One might wonder why the passive would increase or decrease 30-35% per cent between two adjacent periods, or why a very common word like is or and would vary by 20-30% from one period to the next. And notice that it is not just a problem with corpus sizes and bad calculations – with one word the frequency might increase dramatically between two periods in WbO, while with another word it might decrease dramatically during the same period. With frequency statistics this strange for common, predictable words, it is difficult to have confidence that WordBanks Online will provide accurate data for other words, phrase, and grammatical constructions that we might be researching.
COCA
|
1990-94 |
1995-99 |
2000-04 |
90-94 > |
95-99 > |
was VVN |
1305 |
1235 |
1234 |
0.95 |
1.00 |
to be |
1560 |
1517 |
1490 |
0.97 |
0.98 |
is |
9549 |
9414 |
9190 |
0.99 |
0.98 |
and |
26606 |
26731 |
26782 |
1.00 |
1.00 |
The table above shows the normalized frequencies (per million words) for four common words, phrases, and grammatical constructions in COCA from the early 1990s to 2004 (data is also available for 2005-2010 but we have omitted it here, to enable easier comparison with the WbO data).
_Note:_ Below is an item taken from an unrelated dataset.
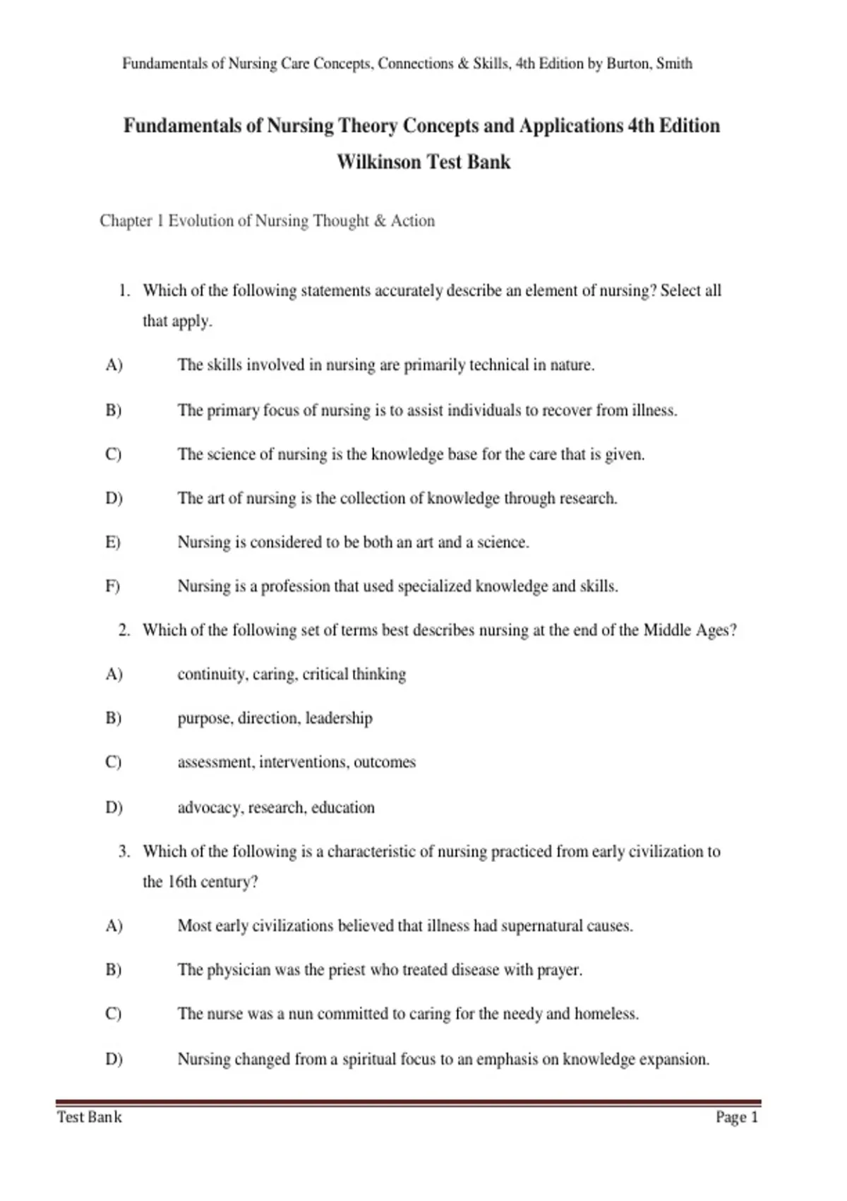 647 freshness top STUVIA SELLER-Fundamentals of Nursing Theory Concepts and Applications 4th Edition Wilkinson Test Bank Page 1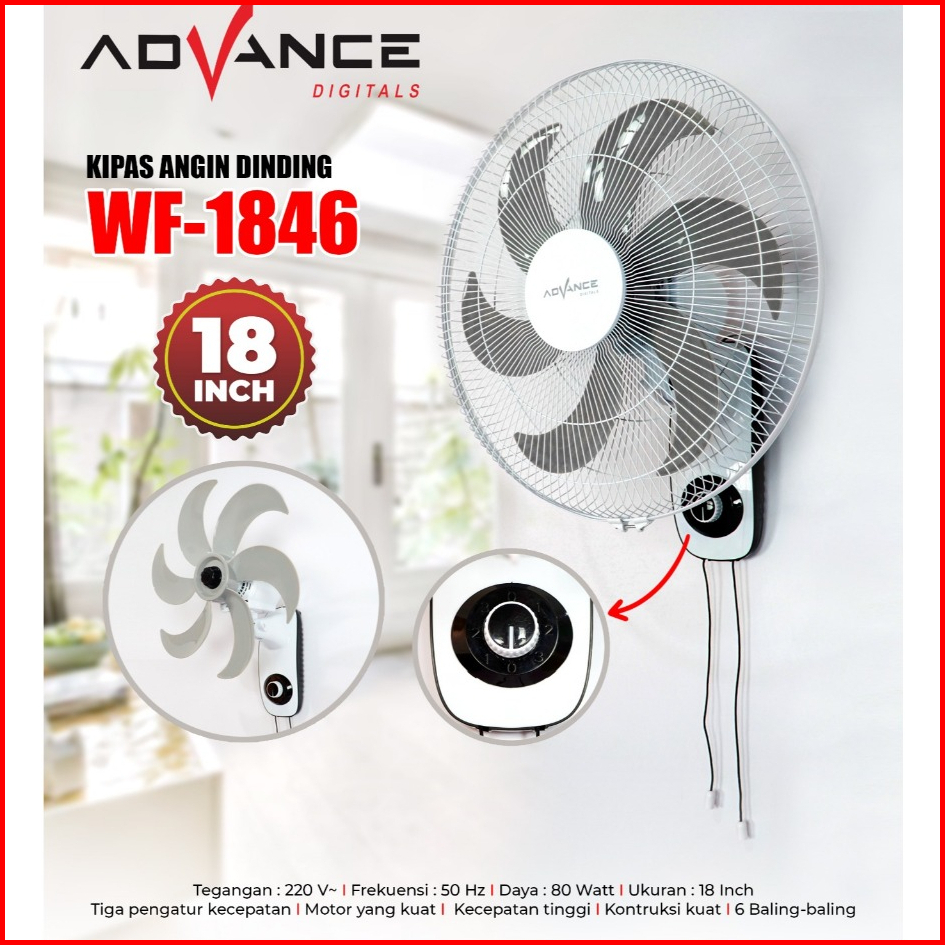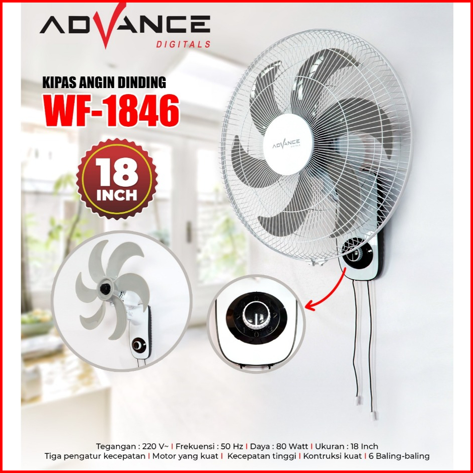 Advance Wf1846 Kipas Angin Dinding Besi 80 Watt 18 Inch Garansi Resmi 1 Tahun

Notice that the frequency of these words is essentially flat over time (as we would expect it to be), and we do not have the strange anomalies that are found WordBanks Online (which again are very similar to the data from the Bank of English for the 1990s).
Summary
For those who can afford the $1,150 per year, WordBanks Online provides very good data for British and American English. Contrary to what has commonly been said about WordBanks Online (and the Bank of English, to which it is related, and which is very similar for the 1990s), it is probably not an overly-reliable "monitor corpus", because its genre balance varies so much from year to year. One can never know whether the changes that one sees are a function of the changing genre balance or whether they represent actual changes in the "real world".
The freely-available Corpus of Contemporary American English (COCA), on the other hand, was explicitly and carefully designed as a monitor corpus. This is especially apparent in the corpus design, where the corpus maintains the same genre balance from year to year. As far as we are aware, COCA is the only large corpus that is designed this way, and which can thus be used to accurately measure recent shifts in English.